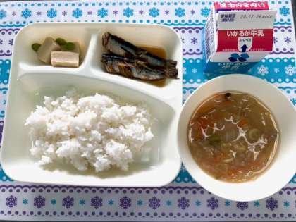 今日の給食は、いわしのしょうが煮・みそしる・高野どうふの煮もの・ごはん・牛乳です。
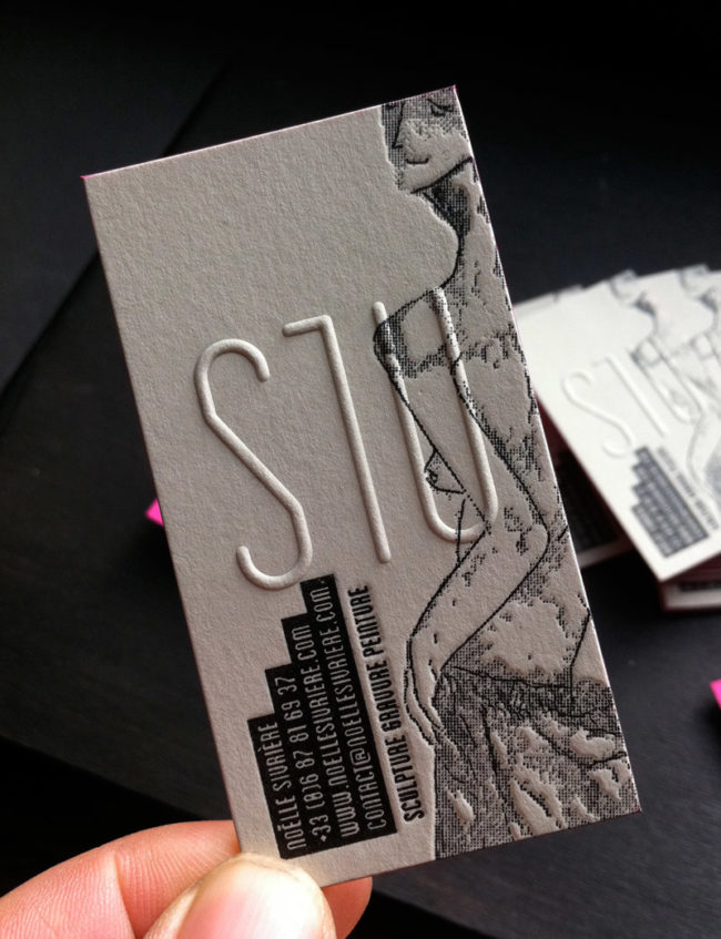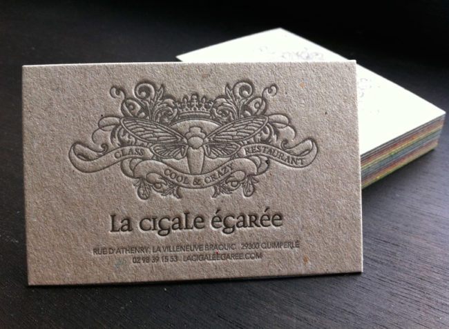 Impression : carte de visite 8,5 x 5,5 cm, débossage 2 couleurs R° Papier contrecollé carton 400g + papier couleur 290g.
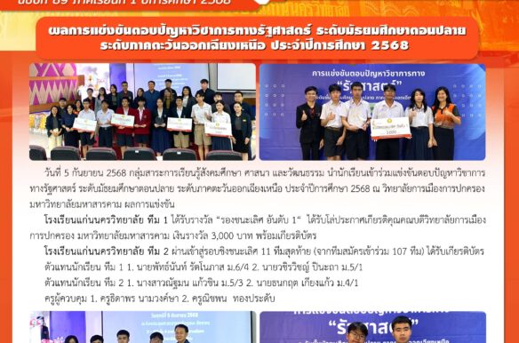 กลุ่มสาระการเรียนรู้สังคมศึกษา ศาสนา และวัฒนธรรม โรงเรียนแก่นนครวิทยาลัย นำนักเรียนเข้าร่วมการแข่งขันตอบปัญหาวิชาการทางรัฐศาสตร์ ระดับมัธยมศึกษาตอนปลาย ระดับภาคตะวันออกเฉียงเหนือ ประจำปีการศึกษา 2568 เมื่อวันที่ 5 กันยายน 2568 ณ วิทยาลัยการเมืองการปกครอง มหาวิทยาลัยมหาสารคาม ทีมที่ 1 ของโรงเรียนสร้างความภาคภูมิใจ โดยคว้ารางวัลรองชนะเลิศอันดับ 1 และได้รับโล่ประกาศเกียรติคุณจากคณบดีวิทยาลัยการเมืองการปกครอง มหาวิทยาลัยมหาสารคาม พร้อมเงินรางวัล 3,000 บาท และเกียรติบัตร สมาชิกทีมประกอบด้วย นายพัทธ์นันท์ รัตโนภาส ชั้น ม.6/4 และนายวชิรวิชญ์ ปินะถา ชั้น ม.5/1 ทีมที่ 2 ก็แสดงผลงานที่น่าชื่นชม โดยผ่านเข้าสู่รอบชิงชนะเลิศ 11 ทีมสุดท้าย จากทีมที่สมัครเข้าร่วมทั้งหมด 107 ทีม และได้รับเกียรติบัตร สมาชิกทีมคือ นางสาวณัฐมน แก้วชิน ชั้น […]
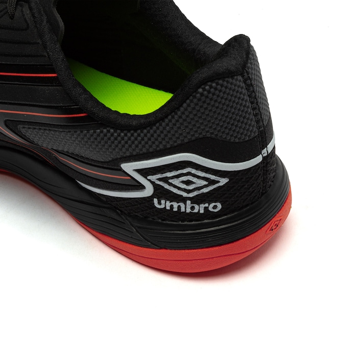 A palmilha é removível e o forro com reforço acolchoado. Compre já sua chuteira de futsal Umbro!
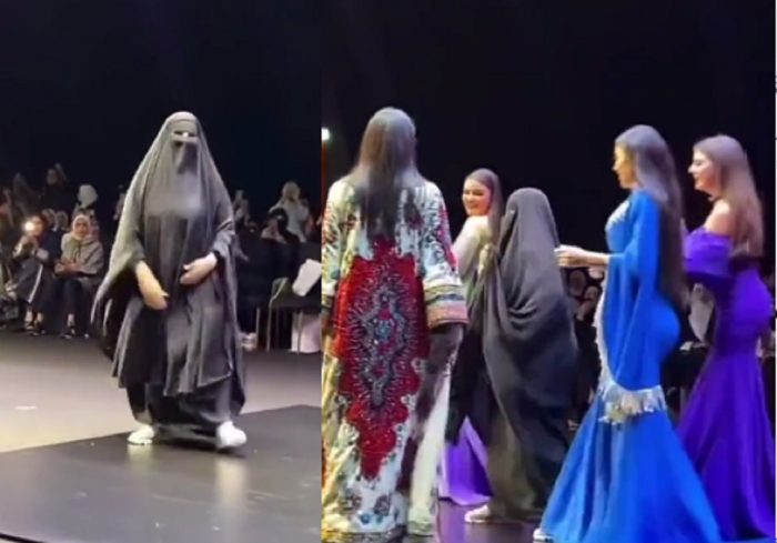 انتشر بين رواد مواقع التواصل الاجتماعي مقطع مصور، لعرض أزياء ظهرت فيه امرأة منتقبة بين العارضات بشكل مفاجئ، ما أثار حالة الجدل والاستغراب بين المتابعين.
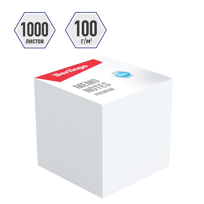 Блок для записи Berlingo "Premium" 9*9*9см, белый, 100% белизна 290211

==========

- [EXERCISE DETAILS]
Set out exactly, and only, the lines between the first line of the listing and the line containing "Impression : carte", counting both, while leaving every picture out.

- [ANSWER TO THE PROBLEM]
 今日の給食は、いわしのしょうが煮・みそしる・高野どうふの煮もの・ごはん・牛乳です。
 Impression : carte de visite 8,5 x 5,5 cm, débossage 2 couleurs R° Papier contrecollé carton 400g + papier couleur 290g.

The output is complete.